Sin embargo, en esos momentos no necesitaba mimos. Me vestí de nuevo a toda prisa, luego limpié mi estilete en el agua sanguinolenta, lo sequé con cuidado y lo guardé en su funda debajo de mi corpiño limpio. Solo entonces ayudé a Esmeralda a guardar nuestras más valiosas posesiones en un cofre. Escondí las joyas en mi cuerpo; bien prietas contra mis caderas, debajo de las faldas. Muchas cosas hermosas -finas mantas de piel, alfombras, tapices de seda y brocados, junto con los pesados candelabros de plata y oro, las pinturas de viejos maestros- tendrían que quedar atrás para nuestros enemigos.

Después de esto, no quedó nada más que hacer que esperar; solo intentar calmarnos cada vez que tronaban los cañones.


Poco antes del mediodía, apareció Jofre con un par de guardias armados y con los sirvientes para que cargasen nuestro cofre. Llevada por el hábito de arreglarme antes de aparecer en público, me acomodé los cabellos; descubrí que estaban rígidos con los restos de sangre seca.

Una vez más, caminé presurosa por los pasillos del Castel Nuovo; esta vez no me permití el lujo de observar las paredes y el mobiliario, de llorar por lo que dejaba atrás. Mantuve la mente separada de mis emociones. Podíamos salir derrotados esa vez, pero creía que Ferrandino tenía razón, que era algo temporal. Hice todo lo posible para comportarme con dignidad y firmeza, porque la casa de Aragón nunca lo había necesitado tanto. Jofre, con una actitud meritoria, caminaba a mi lado, con postura grave y atenta, pero sin mostrar ningún miedo.

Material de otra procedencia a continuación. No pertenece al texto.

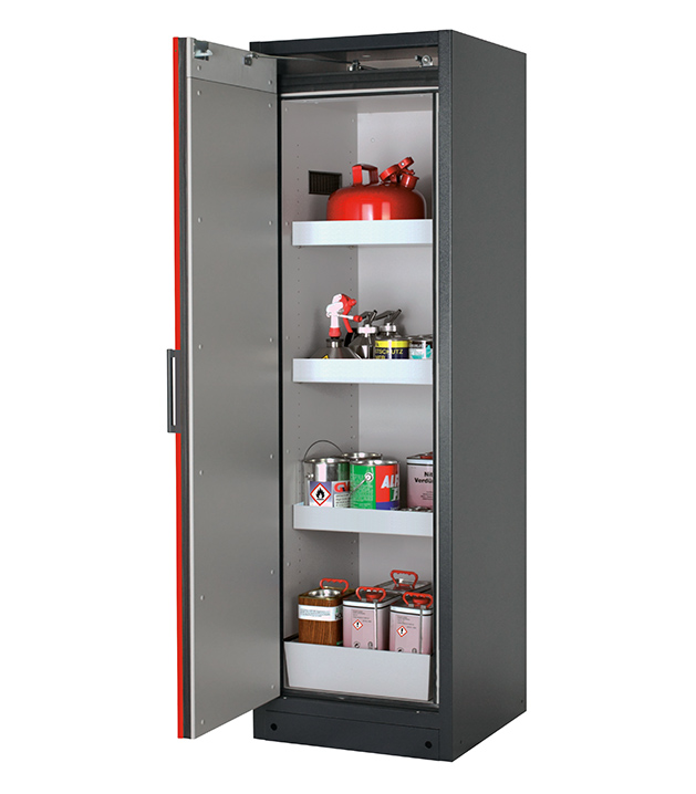 Korpusfarbe Anthrazitgrau (RAL 7016), mit Flügeltür in Verkehrsrot (RAL 3020), Inneneinrichtung mit 3 x Wannenboden, 1 x Lochblecheinsatz, 1 x Bodenauffangwanne (Stahlblech pulverbeschichtet)

Por fin, nuestro pequeño grupo llegó a las puertas dobles que daban al patio amurallado, y nos detuvimos mientras los guardias se apresuraban a abrirlas.

A mi lado, doña Esmeralda comenzó a sollozar sonoramente.

La reprendí de inmediato.

– Ahorra tus lágrimas para cuando estemos a solas -le ordené-. Camina con orgullo. No estamos derrotados; volveremos. Nápoles nos dará la bienvenida cuando volvamos.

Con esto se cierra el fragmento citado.